On Sat, 10 Feb 2001, Cameron Tully-Smith wrote:
> I just installed RedHat Linux 6.2 Deluxe on a new machine (Award 
> BIOS).  The machine has a 45GB UDMA IDE Western Digital Caviar hard disk, 
> 512MB of RAM and an Athlon 750 processor.  The motherboard is an Epox EP-7KXA.
> I'm getting "Primary master hard disk fail" when I try to boot off of the 
> hard disk.  The Linux install went fine and the machine's setup is set to 
> use "Auto" (I could manually override and choose LBA, Large or 
> Normal).  The machine boots fine with a boot diskette that was created 
> during the Linux install and I'm able to use the hard disk with no problems.
> I've already tried uninstalling and reinstalling lilo (i.e., lilo -u and 
> then lilo) and changing the boot device to /dev/hda1 instead of /dev/hda in 
> /etc/lilo.conf.
> Filesystems:
> /		~8GB
> /root		~2.8GB
> /usr/local	~15GB
> <swap>	~2GB
> /home		~15GB
> drive capacity that's being recognized is around 42GB
> Any suggestions on where to look on the web or on things to try would be 
> greatly appreciated.  The machine is running fine other than the booting 
> problem, so I'd rather not reload if I can avoid it (takes hours to make 
> the filesystems on this drive, though I could probably at least partially 
> avoid that for a reload, so it's not out of the question).
> Thanks in advance for any help.
> Cameron
> lpstudy at

Not so likely, but something to check: some complete systems (odd
vendors) would also include a partition on the hard disk to store BIOS
Settings.

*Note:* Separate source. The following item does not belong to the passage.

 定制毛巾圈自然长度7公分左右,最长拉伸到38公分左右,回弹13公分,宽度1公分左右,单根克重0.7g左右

If this is deleted, then the drive won't boot, and other
hardware won't be recoginized. This requires that you boot off a fectory
floppy to restore the partition on the HD with the BIOS information.

Another problem that existed before with LILO (don't know if it has been
fixed) is the location of the root file system ("/") with in the first
1024 cylss and storage of the kernel within that root filesystem on the
first 1024 cyls.

Another place to look: did you use any geometry translation programs from
the HD to allow your MB BIOS to recognize the larger sized HD?

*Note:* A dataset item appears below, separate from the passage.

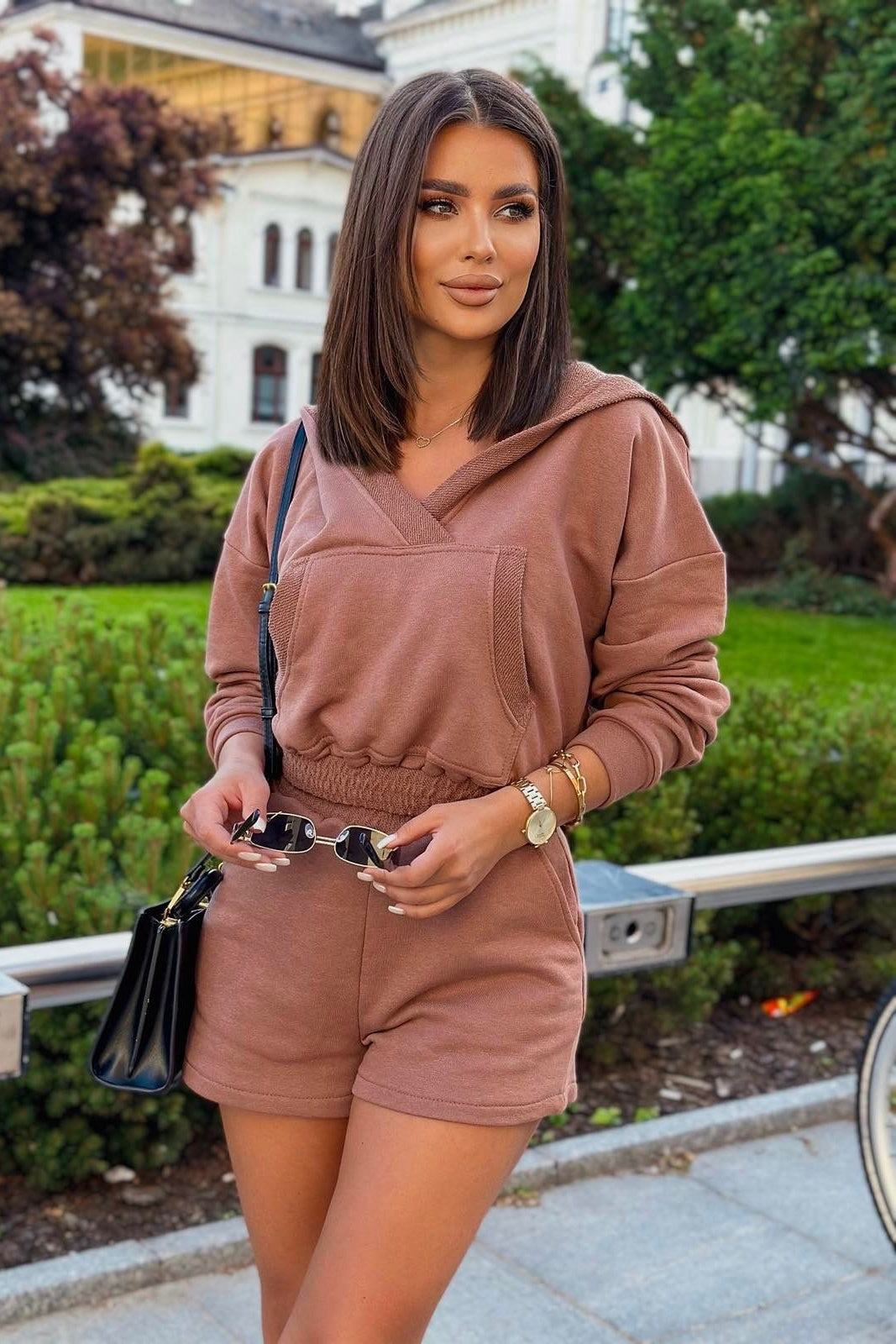 Komplet dresowy z krótkimi spodenkami - Czekoladowy

Can you boot off of the emergency boot disk , and specify
"root=/dev/hda1" (If the first partition on the master drive of the 
primary ide interface has your root partiton.) If starting a linux kernel
on from other media and referencing the root partition of the drie that
has linux allows the machine to boot, then that is a very god sign that
your HD has not failed.

Not likely: have you exceeded the max wattage for your power supply? (You
could add up all of the power consumed by your devices, but a less
reliable way it to see that you are not using many splitters for the power
connections and extra hardware.

Someone else here or at an install fest was mentioning problems with some
Award BIOS, but I do not recall what they said, or who they were.

Does the MB BIOs correctly recognize the HD by size an geometry?